Heads up: v0.1.0-alpha.19 lands cacheControl typed write path + cost.cacheSavingsUSD rename (BREAKING) #41

baabakk · 2026-06-10T23:27:34Z

baabakk
Jun 10, 2026
Maintainer

v0.1.0-alpha.19 (heads up) — `cacheControl` write path lands; BREAKING field-name change

Status: Pre-release announcement. alpha.19 ships ~2026-06-13.

Where to post: GitHub Discussions, Announcements category. Same shape as the alpha.16 / .17 / .18 pre-cuts.

Audience: Anyone pinning to @alpha who reads token usage or cost telemetry off CostUsage / TokenUsage fields, OR currently using providerExtras to inject Anthropic cache_control as a workaround.

TL;DR

@llm-ports/core@0.1.0-alpha.19 lands the typed write path for provider-native prompt caching: a single CacheControl interface that covers Anthropic explicit breakpoints, Vercel-style auto placement, and Gemini's pre-created CachedContent handle pattern. Plus cost.cacheSavingsUSD becomes unconditionally populated on cache hits across all adapters.

BREAKING the CostUsage.cacheDiscountUSD field is renamed to cacheSavingsUSD to align with OpenInference llm.cost.* conventions. Consumers reading the cache-discount field directly will need a one-line update.

This is the third alpha-line breaking change. It's an alpha bump precisely because we want this churn to happen now, before beta.0 cuts on 2026-06-30 and the contract freezes.

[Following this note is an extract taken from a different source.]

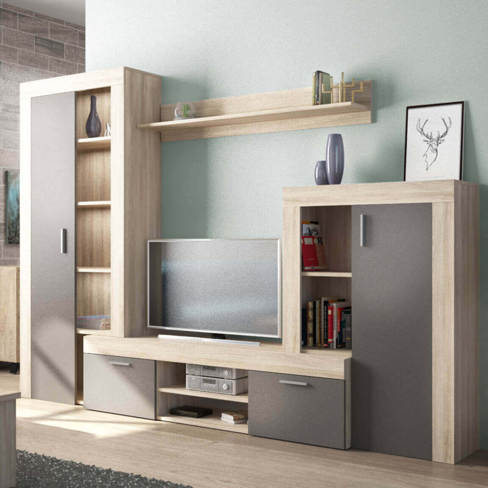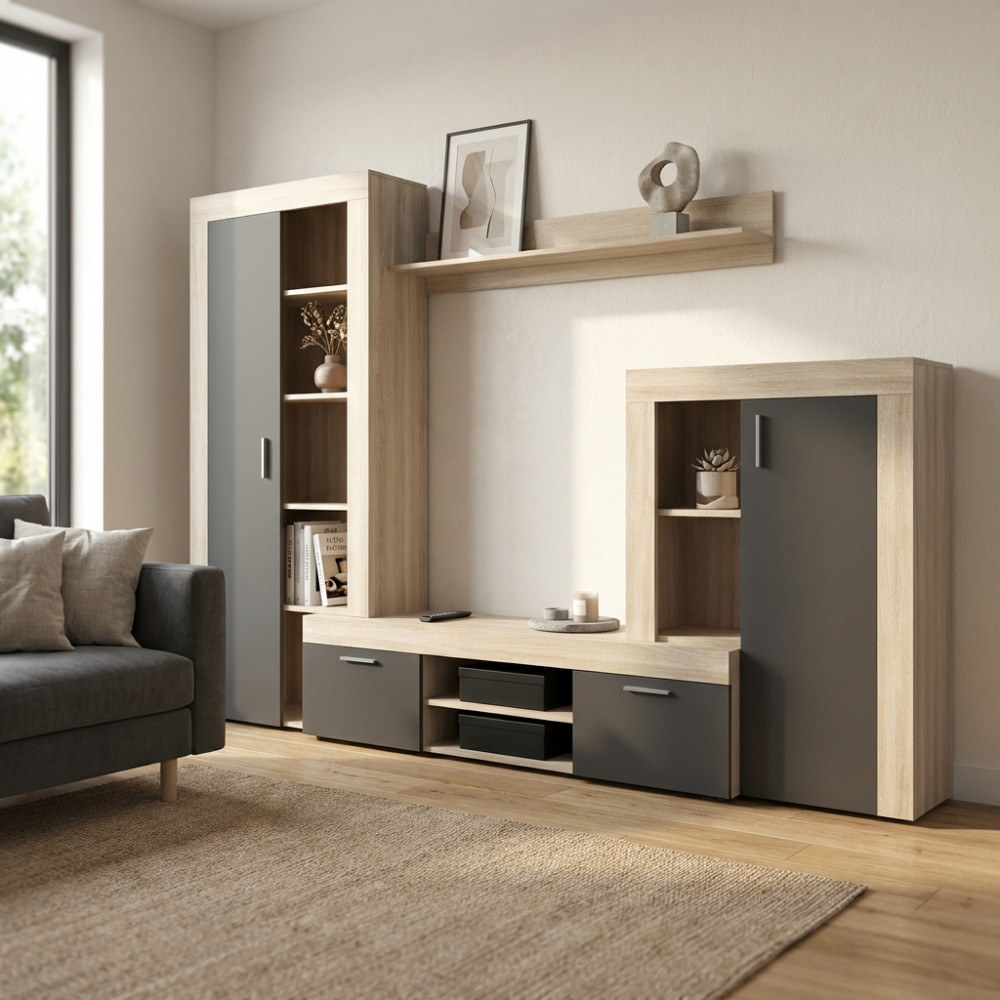 PARETE SOGGIORNO NOBEL ANTRACITE E QUERCIA CHIARO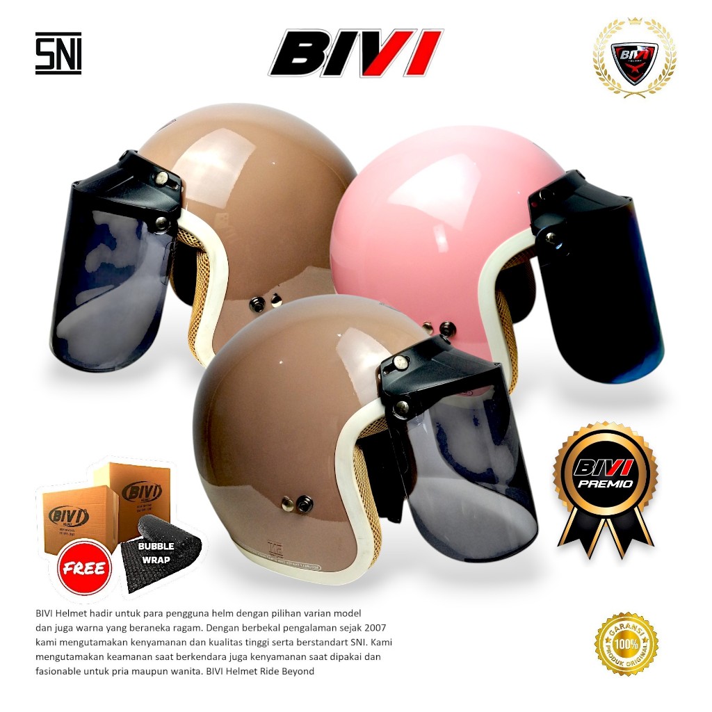 HELM BIVI PREMIO BOGO LIST PUTIH POLOS HIJAB WANITA RETRO HALF FACE + KACA SNI

Where alpha.19 sits in the release line

The alpha line through beta.0 follows one principle: lock shape in alphas; freeze contract in beta.0. Each alpha addresses one specific structural decision surfaced by the v1 (8 dogfood projects) + v2 (~40 JS + Python competitor libraries) research effort. Recent history:

Release	Date	What it locked
alpha.16	2026-05-30	`providerExtras` escape hatch for provider-specific request fields (vLLM `chat_template_kwargs`, SGLang `regex` / `ebnf`, vLLM `guided_json`); shipped `useStrictResponseFormat` auto-detect for OpenAI / Cerebras / Groq / SambaNova
alpha.17	2026-06-05	`RerankPort` skeleton (sibling of `LLMPort` + `EmbeddingsPort` so adapter-cohere has a target for beta.0); jittered exponential backoff config (`BackoffConfig` + `computeBackoffDelay`); `onRetry` parity for adapter-google + adapter-ollama
alpha.18	2026-06-05	Typed-error taxonomy commit (BREAKING): new `LLMPortError` base; `BadRequestError` root with `ContextWindowExceededError` + `ContentPolicyViolationError` subclasses; `AuthenticationError`; `RateLimitError` with parsed `retryAfterMs`; `ServiceUnavailableError` root; `errorMatchers` helper
alpha.19	2026-06-13 (target)	`CacheControl` write path + `cost.cacheSavingsUSD` field-name normalization (BREAKING) — this release
alpha.20	2026-06-17 (target)	BudgetScope 5-tier hierarchy + minute/session gating tokens (BREAKING on `BudgetScope`)
alpha.21	2026-06-20 (target)	Observability hook signatures + OTel `gen_ai.*` field-name alignment
beta.0	2026-06-30 (target)	Contract freeze + `@llm-ports/adapter-cohere` (first `RerankPort` implementation)

The whole alpha sequence exists to surface breakage early, when adopters expect alpha churn, rather than at a beta cut that's supposed to be stable. After beta.0 ships, additive features go in beta.1 / beta.2 / beta.3; the typed surface itself doesn't move.

Why alpha.19 exists

alpha.16 added cache READ telemetry: when a provider returns cache-hit data, the adapter parses it into TokenUsage.cacheReadTokens + CostUsage.cacheDiscountUSD. But there's still no typed write path. Adopters who want to actually opt into Anthropic's cache_control: { type: "ephemeral" } breakpoints, or trigger Vercel-style auto-placement, have to inject the field through providerExtras and lose cross-provider portability.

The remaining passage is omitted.